Advanced Punctuation

VoiceBase enables you to apply an advanced punctuation engine to the English language transcripts output from the VoiceBase speech engine. The English transcripts will have a more thorough application of periods and include commas as well as question marks.

Using Advanced Punctuation

To enable advanced punctuation, set in the configuration’s speechModel section, include "advancedPunctuation" in the features array when make a call to POST /media.

{
  "speechModel": {
    "features": [
        "advancedPunctuation"
    ]
  }
}

The configuration contains the following fields:

  • speechModel: speech model section
  • features: speech model features to enable

Advanced Punctuation Results

Results of advanced punctuation are included with responses from GET /v3/media/{mediaId} API, and in callbacks. The punctuation uses the same format, appears in the transcript’s words array with a value of punc in the m (metadata) field.

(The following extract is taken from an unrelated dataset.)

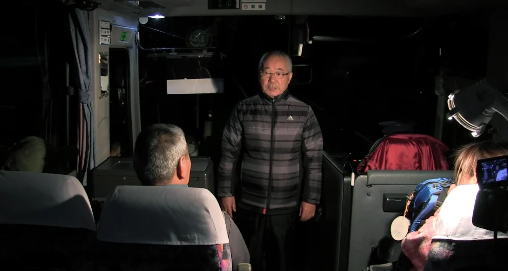 入山協力金の横領事件を受けて、縄文杉方面に向かう荒川登山バスの中で登山客に謝罪する屋久島町の荒木耕治町長=2019年3月1日、屋久島町安房の屋久杉自然館前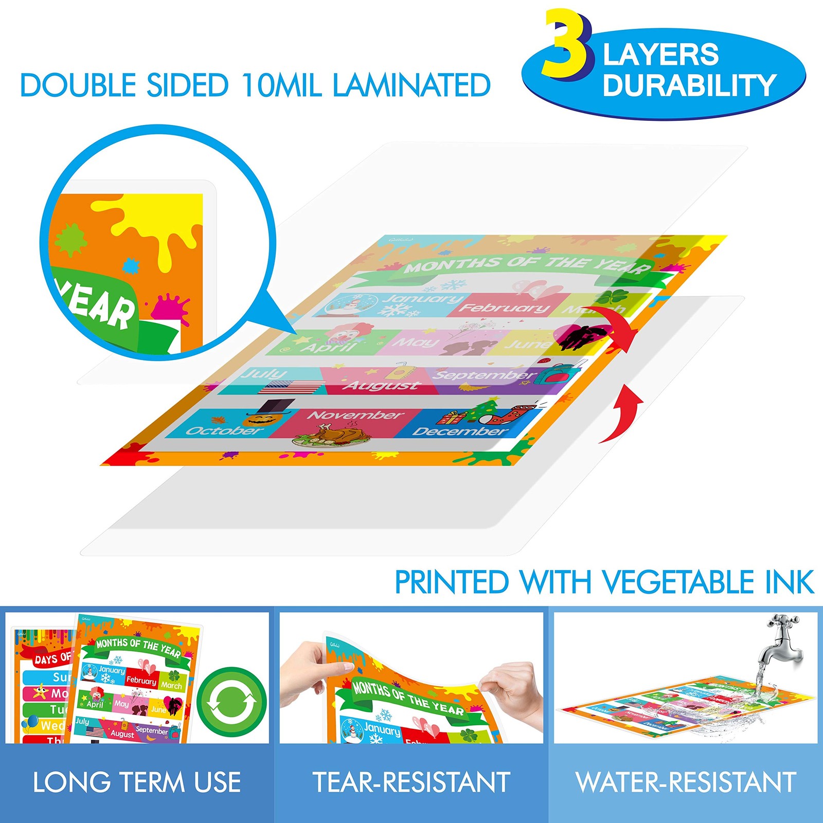 как выглядит Gethelud Days of the Week, Months Year 11.4"W x 16.1"H, Multicolor фото

Advanced Punctuation augments and improves the usage of ., ,, and ?.

For example:

{
  "mediaId": "bc14632d-e81b-4673-992d-5c5fb6573fb8",
  "status": "finished",
  "dateCreated": "2017-06-22T19:18:49Z",
  "dateFinished": "2017-06-22T19:19:27Z",
  "mediaContentType": "audio/x-wav",
  "length": 10031,
  "transcript": {
     "words":[
        {
          "p":0,
          "s":700,
          "c":0.1,
          "e":3000,
          "w":"agent",
          "m":"turn"
        },
        {
          "p":1,
          "s":700,
          "c":0.537,
          "e":870,
          "w":"Hello"
        },
        {
          "p":2,
          "s":900,
          "c":0,
          "e":900,
          "w":",",
          "m":"punc"
        },
        {
           "p":3,
           "s":950,
           "c":0.1,
           "e":990,
           "w":"How"
        },
        {
           "p":4,
           "s":1020,
           "c":0.975,
           "e":1060,
           "w":"are"
        },
        {
          "p":5,
          "s":1070,
          "c":0.975,
          "e":1120,
          "w":"you"
        },
        {
          "p":6,
          "s":1300,
          "c":0,
          "e":1300,
          "w":"?",
          "m":"punc"
        }
     ]
  }
}